= Ugolino di Vieri (poet) =

Italian poet (1438–1516)

Ugolino in the historiated initial at the start of his Carlias in manuscript 838 of the Biblioteca Riccardiana, a presentation copy from the workshop of Gherardo and Monte del Flora.

Ugolino di Vieri (1438 – 10 May 1516), also known as Verino, was an Italian notary and poet in the Republic of Florence, best remembered for his Latin dactylic hexameter. Born in Florence to a noble family of magistrates, he was trained under Cristoforo Landino, and served as a court poet to Lorenzo de' Medici. He was a humanist and humanities teacher to Pope Leo X, Francesco Pitti, and Crinitus. He was also given patronage by Girolamo Savonarola and the Piagnoni. He died in Florence.

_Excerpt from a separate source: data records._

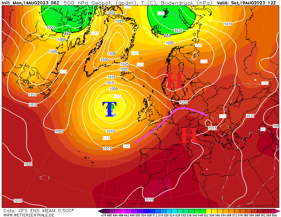 Bis Samstag zieht sich die labile Luft zurück und die Hitze aus dem Süden stülpt sich über Deutschland bis an die Küsten, womit wir auch für kurze Zeit unter die stabile Luft kommen, unter der es heiß wird. Welche Temperaturen das dann bedeutet, schauen wir uns gleich an. Das Tief über dem Nordatlantik zieht sich zurück, das Skandinavien-Hoch macht den Weg frei für ein enorm hohes Geopotential in 5.500 Meter Höhe, was dann ebenfalls für das stabile Wetter sorgt. Ihr könnt euch das Vorstellen als eine Art Glocke an hohem Luftdruck, der sich in 5.500 Meter Höhe über die Atmosphäre darunter legt und eine Wolkenentwicklung über diese Höhe hinaus verhindert. Somit werden die Schauer und Gewitter im Keim erstickt.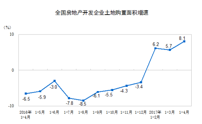 1-4月份,房地產開發企業土地購置面積5528萬平方米,同比增長8.1%,增速比1-3月份提高2.4個百分點;土地成交價款2104億元,增長34.2%,增速提高17.5個百分點。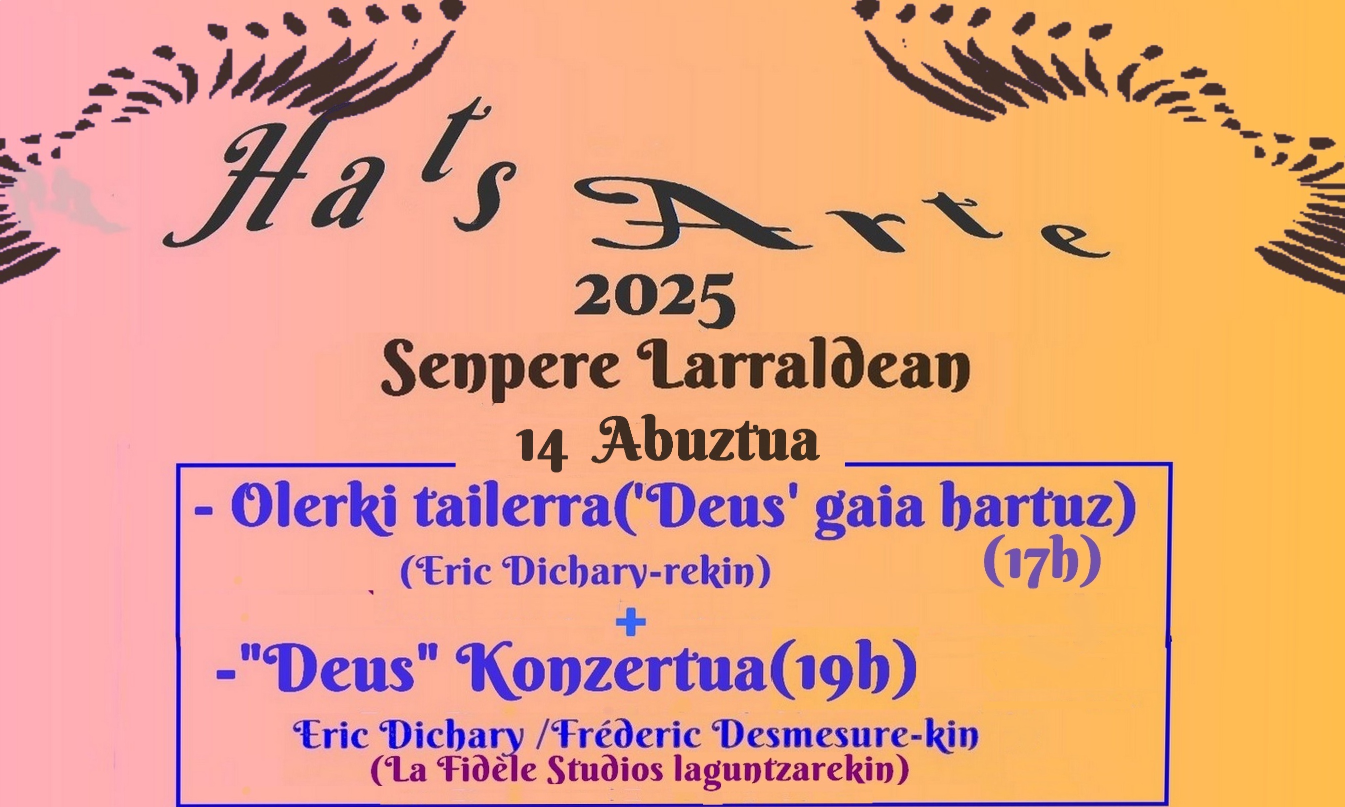 - 19:30: "Deus" kontzertua, Eric Dicharry eta Frédéric Desmesure-rekin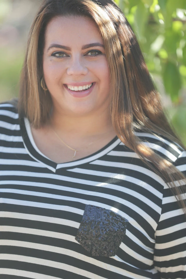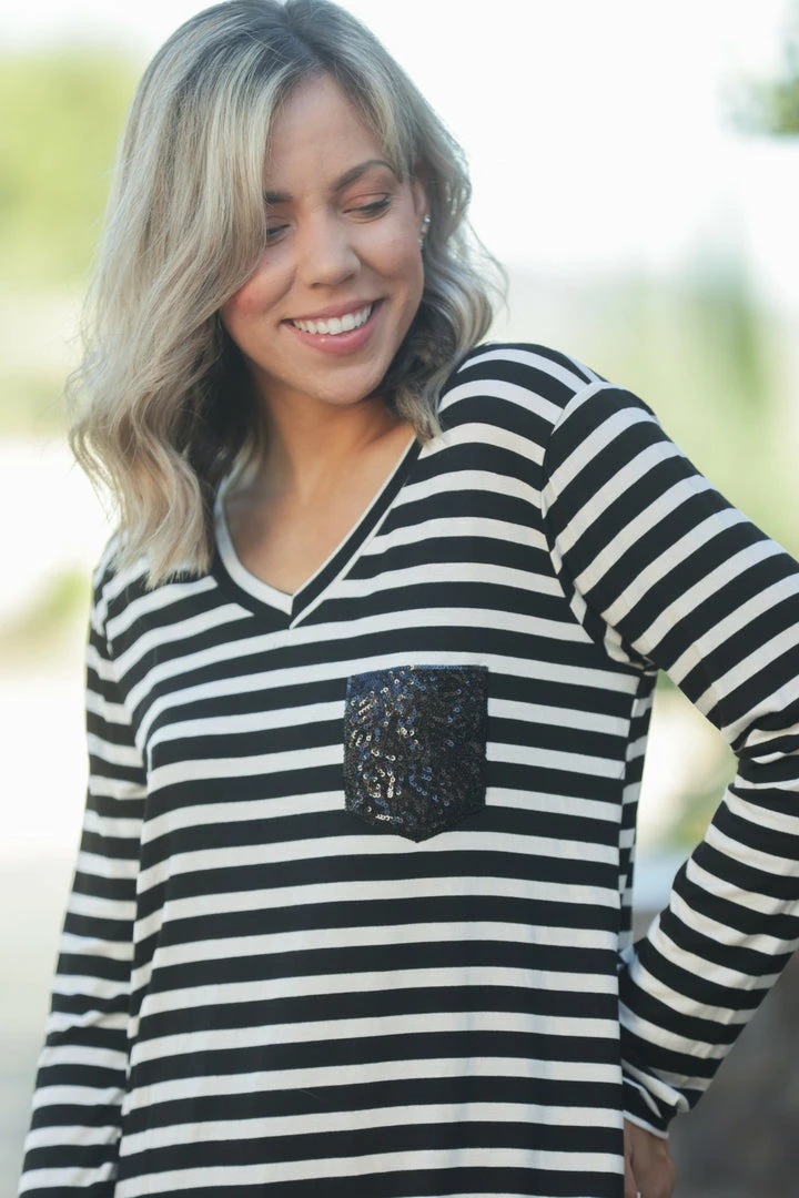 Sparkle the night away in this classic black and white striped top, with sequin pocket. The fit is absolute perfection with a relaxed fit, v-neck, rounded hem and long sleeves and the that front pocket detail really puts this top above the rest.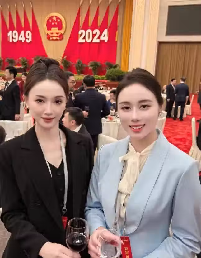 何超欣與現場的姐妹合影,兩位美女端著酒杯相慶,共同為商會貢獻自己的力量。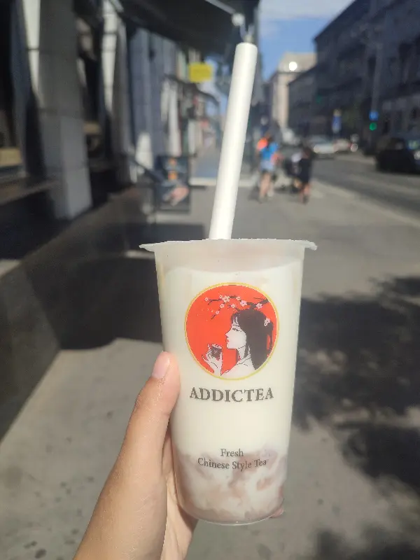 ADDICTEA 로고가 선명한 밀크티. 다음에는 다른 음료를 마셔봐야겠다.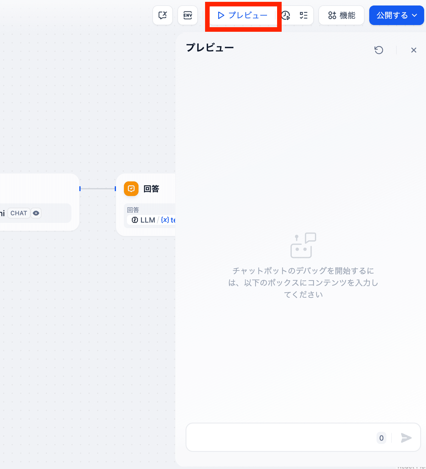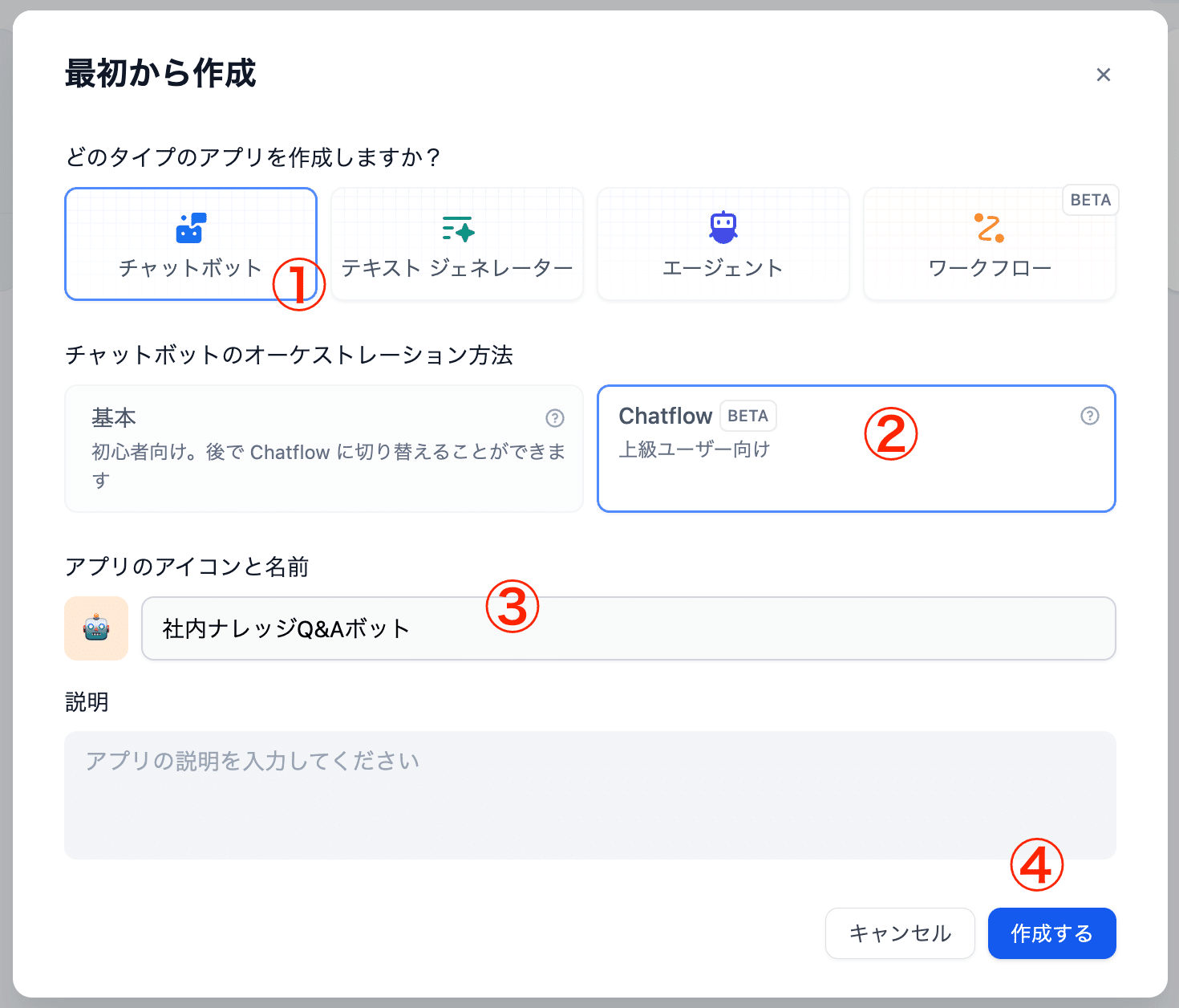 今回の記事では、「ChatFlow」を選択していますが、記事と同様の内容は「基本」からでも作成可能です。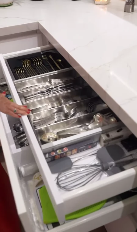Mientras en las imágenes se la veía ordenando los platos y cubiertos en los diferentes espacios de su cocina, se la escuchaba en off comentando: "Los cajones de cierre automático, con cantidad de frascos y frasquitos. Y muchos cubiertos para recibir a mis amigos".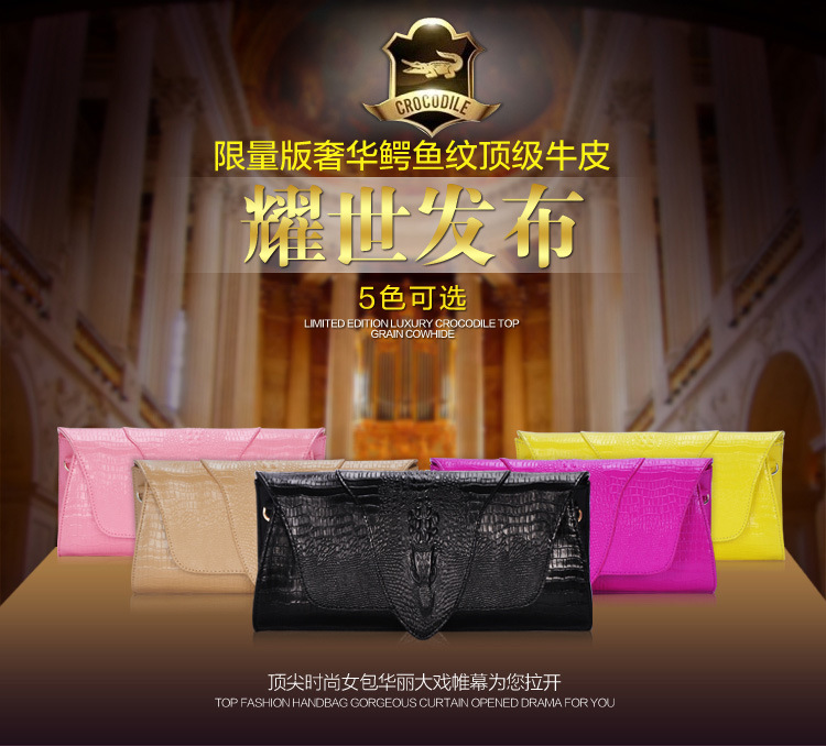 新款鱷魚紋女包 真皮手拿包歐美奢華大牌單肩包 牛皮包包 女士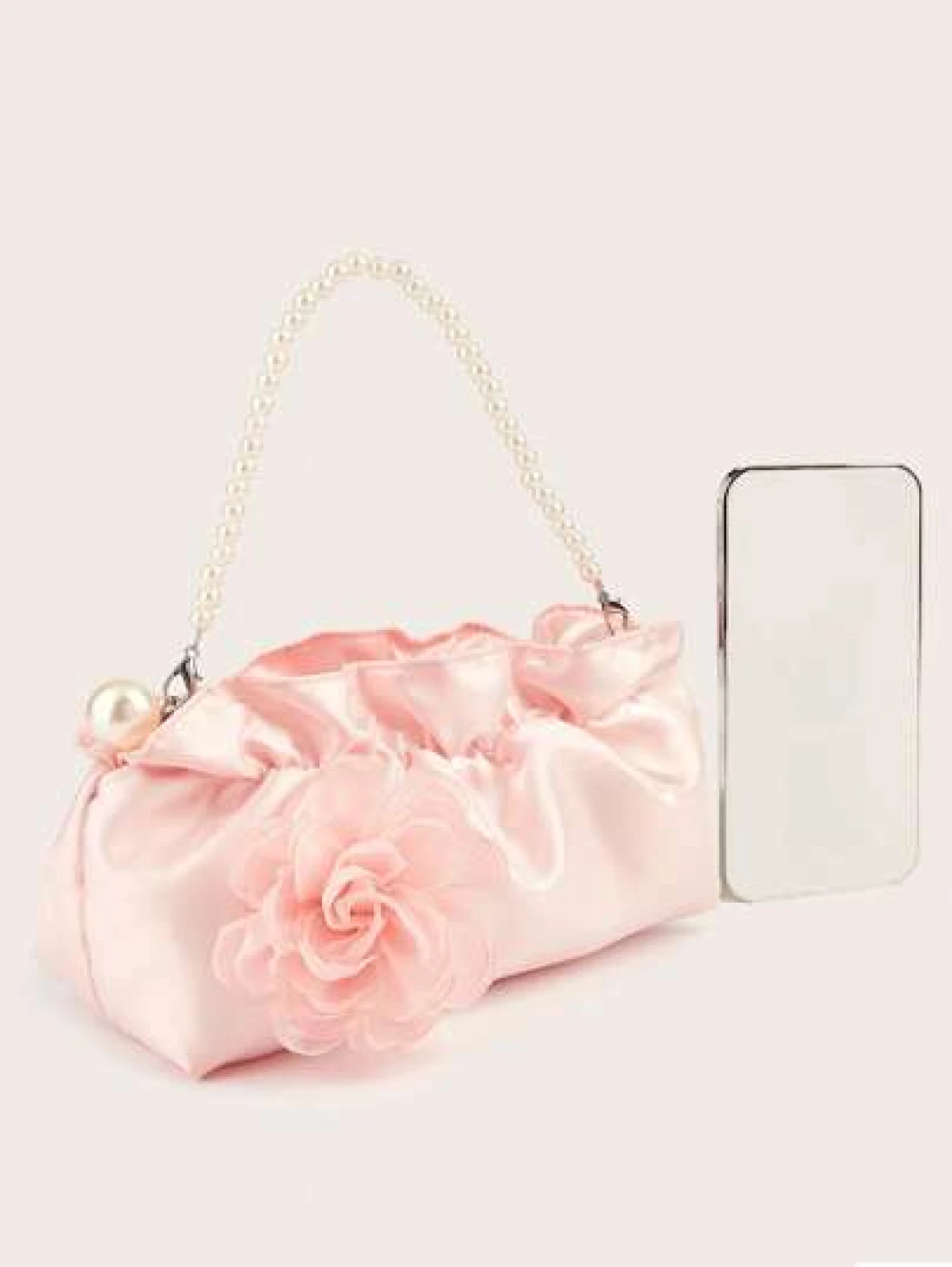 1pc Ruffle Cloud Mobile Phone Coin Purse Floral Pearl Hand Held Clutch Bag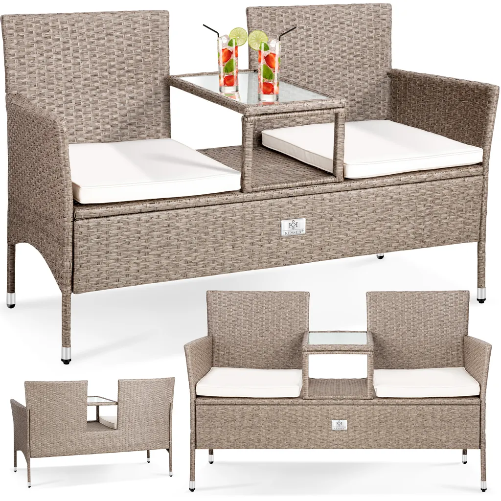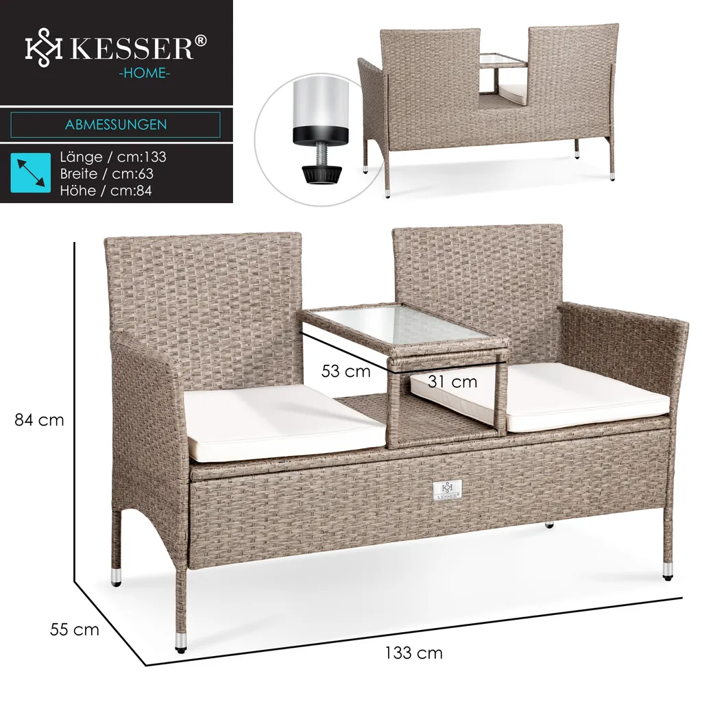 KESSER® Polyrattan Gartenbank 2-Sitzer Bank Mit Integriertem Inkl. Tisch & Kissen – 133 × 63 × 84 Cm – Rattan Sitzbank Garten Balkon Gartensofa Wetterfest Sitzgruppe Ultra Stabile, Farbe:Grau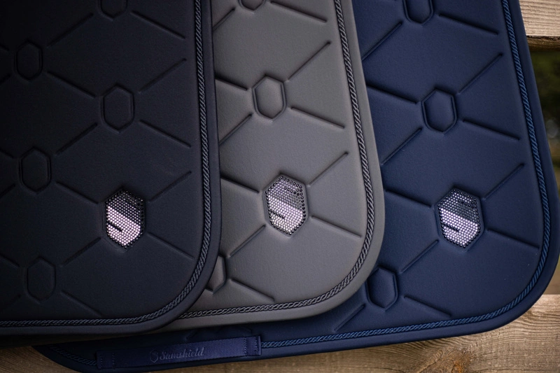Czaprak jest poszerzony wzdłuż linii grzbietowej. Jest tam również laserowo wycięte logo Samshield nadając czaprakowi bardzo ekskluzywnego wyglądu.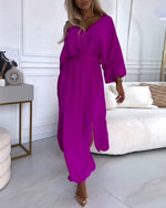 SPÉCIFICATIONS Style: Décontracté Matériel: Mélange de coton,Dentelle Type de la robe: Robe jambe droite Longueur de la robe: Maxi Forme du col: Col en V Type du dessin: Couleur pure Type de la manche: Manches évasées Longueur de la manche: Manches 3/4 Détails: Couture de matériau,Poche,Froncé Type d'ajustement: Habituel Saison: Printemps,Auto...

His major poetical work, Flametta, was dedicated to Cosimo I de' Medici (1463) and then rededicated to Lorenzo de' Medici (1464). His Paradisus (1468–1469) was written in memory of Cosimo. Between 1469 and 1480, he composed an epic on Charlemagne entitled De gestis Magni Caroli, better known as Carlias. After a religious conversion, he dedicated his Carmen de christiana religione ac vitae monasticae felicitate (1491) to Savonarola and rejected secular poetry.

Ugolino's son, Michele di Vieri, known for his letters, predeceased his father at the age of eighteen.